Dear student Ichikawa,

Thank you very much for submitting your manuscript "Bayesian inference is facilitated by modular neural networks with different time scales" for consideration at PLOS Computational Biology. As with all papers reviewed by the journal, your manuscript was reviewed by members of the editorial board and by several independent reviewers. The reviewers appreciated the attention to an important topic. Based on the reviews, we are likely to accept this manuscript for publication, providing that you modify the manuscript according to the review recommendations.

Please prepare and submit your revised manuscript within 30 days. If you anticipate any delay, please let us know the expected resubmission date by replying to this email.

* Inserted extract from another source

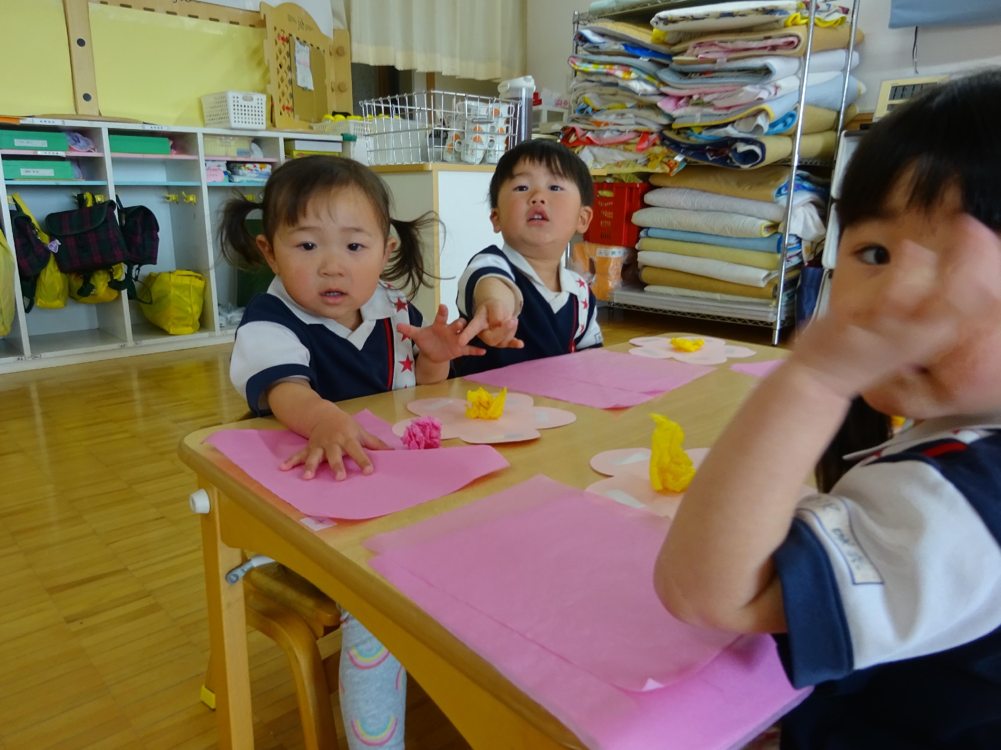 お花紙くしゃくしゃ楽しい~😊

When you are ready to resubmit, please upload the following:

[1] A letter containing a detailed list of your responses to all review comments, and a description of the changes you have made in the manuscript. Please note while forming your response, if your article is accepted, you may have the opportunity to make the peer review history publicly available. The record will include editor decision letters (with reviews) and your responses to reviewer comments. If eligible, we will contact you to opt in or out

[2] Two versions of the revised manuscript: one with either highlights or tracked changes denoting where the text has been changed; the other a clean version (uploaded as the manuscript file).

Important additional instructions are given below your reviewer comments.

Thank you again for your submission to our journal. We hope that our editorial process has been constructive so far, and we welcome your feedback at any time. Please don't hesitate to contact us if you have any questions or comments.

Sincerely,

Ulrik R. Beierholm

Academic Editor

PLOS Computational Biology

Marieke van Vugt

Section Editor

PLOS Computational Biology

***********************

A link appears below if there are any accompanying review attachments. If you believe any reviews to be missing, please contact ploscompbiol@plos.org immediately:

Reviewer's Responses to Questions

Comments to the Authors:

Please note here if the review is uploaded as an attachment.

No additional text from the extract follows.